In the rapidly evolving field of data science, efficiently navigating the expansive body of academic literature is crucial for informed decision-making and innovation. This repository presents the implementation of an enhanced Retrieval-Augmented Generation (RAG) system, specifically designed to assist data scientists in retrieving precise and contextually relevant academic resources. By integrating advanced techniques such as semantic chunking, fine-tuned embedding models, and an abstract-first retrieval method, this system significantly improves the relevance and accuracy of the retrieved information.

Comprehensive evaluation using the RAGAS framework demonstrates substantial improvements, particularly in Context Relevancy, making this system highly effective in reducing information overload and enhancing decision-making processes. The system shows potential in transforming academic exploration within data science, offering a valuable tool for researchers and practitioners alike.

Project Overview

This repository contains the complete implementation of our enhanced RAG architecture for data science applications. The image below provides a high-level overview of the architecture.

Enhanced RAG Architecture

Key Improvements in the Architecture:

  1. GROBID for Data Structuring and Cleaning:
    We utilize GROBID, a leading tool for reference parsing and metadata extraction, to clean and structure academic PDFs before embedding them into the vector database. GROBID’s superior performance in various domains ensures high-quality metadata and more accurate retrieval responses.

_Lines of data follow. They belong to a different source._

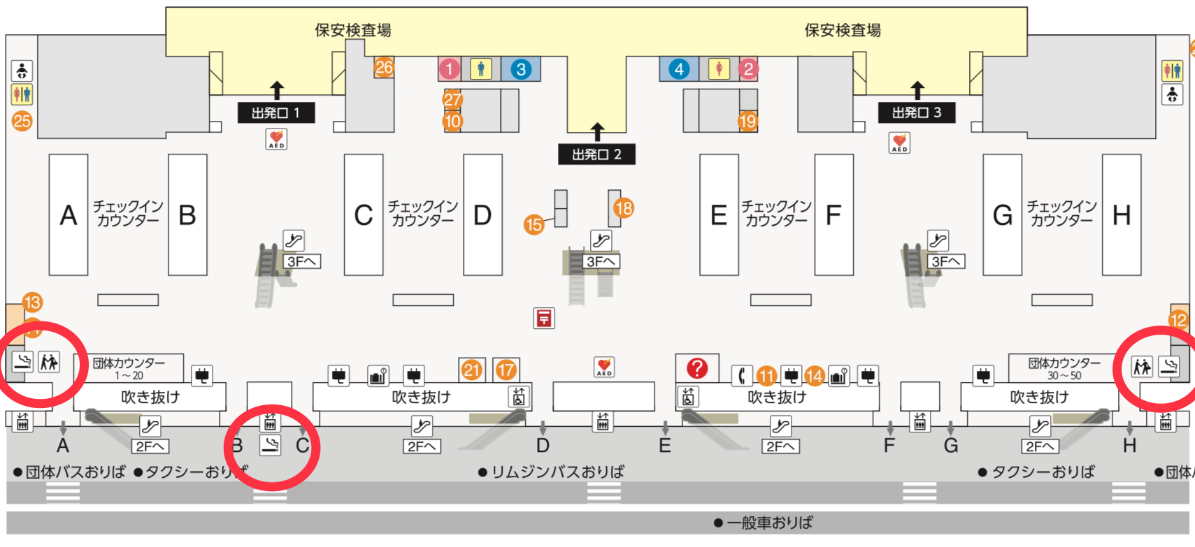 Aチェックインカウンター付近に1か所、B出口付近に1か所、Hカウンター付近に1か所喫煙所があります。
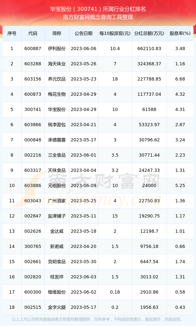 、華寶股份300741行業(yè)分紅排名
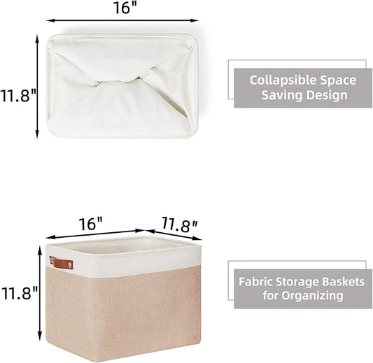 HNZIGE Fabric Storage Baskets for Organizing [2 Pack] Large Canvas Rectangular Storage Bins for shelves 16" X 11.8" X 11.8" Clothes Baskets Collapsible Bins for Closet Linen Organizers (Beige&White)
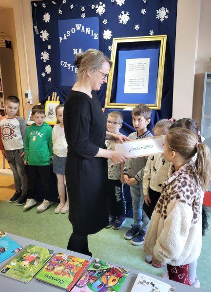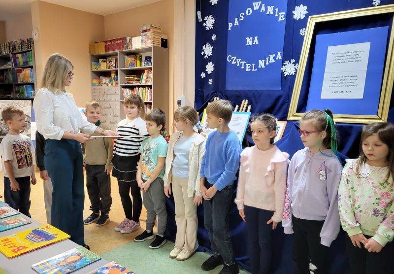 Kulminacyjnym momentem uroczystości było złożenie uroczystego ślubowania i symboliczne pasowanie uczniów przez Panią Dyrektor na czytelników biblioteki szkolnej. Po oficjalnym przyjęciu do grona społeczności czytelniczej, najmłodsi czytelnicy wypożyczyli pierwszą książkę.
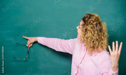 School lesson knowledge. Remember this. Strict woman teacher pointing at chalkboard. Informing kids. School rules. School principal stressful outraged expression. Educational system concept
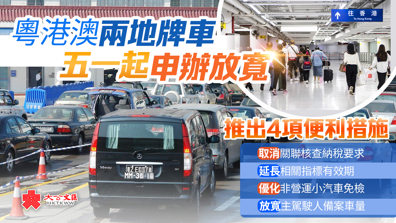 (大公文匯網記者 方俊明)5月1日起,粵港澳兩地牌車輛管理有優化!為更好滿足三地居民跨境通行需求,助力粵港澳大灣區融合發展,廣東省公安廳在認真總結前期兩地車管理情況基礎上,進一步優化車輛管理政策,將於今年5月1日推出取消關聯核查納稅要求、延長指標有效期、優化非營運小汽車免檢、放寬主駕駛人備案車輛數量4項便利措施。

  2. Fine-Tuning of Embedding Models:
    The embedding models are fine-tuned using domain-specific data science literature, which improves the model's ability to handle specialized queries. By leveraging fine-tuning techniques from the latest studies, we ensure high accuracy and contextual relevance in the retrieved content.

  3. Semantic Chunking:
    We use semantic chunking to break down complex information into meaningful segments. This technique improves retrieval coherence and has been proven effective in various specialized domains such as healthcare and visual question answering (VQA).

  4. Abstract-First Retrieval:
    This novel method prioritizes searches within article abstracts, allowing for faster and more relevant retrieval by focusing on the core findings and methodologies summarized in the abstracts. This technique reduces computational load while improving retrieval accuracy.

  5. Advanced Prompting Techniques:
    Our RAG system incorporates advanced prompting strategies like tip-offering and emotional prompting, improving the contextual relevance and performance of large language models (LLMs). These techniques guide the model toward more accurate and nuanced responses.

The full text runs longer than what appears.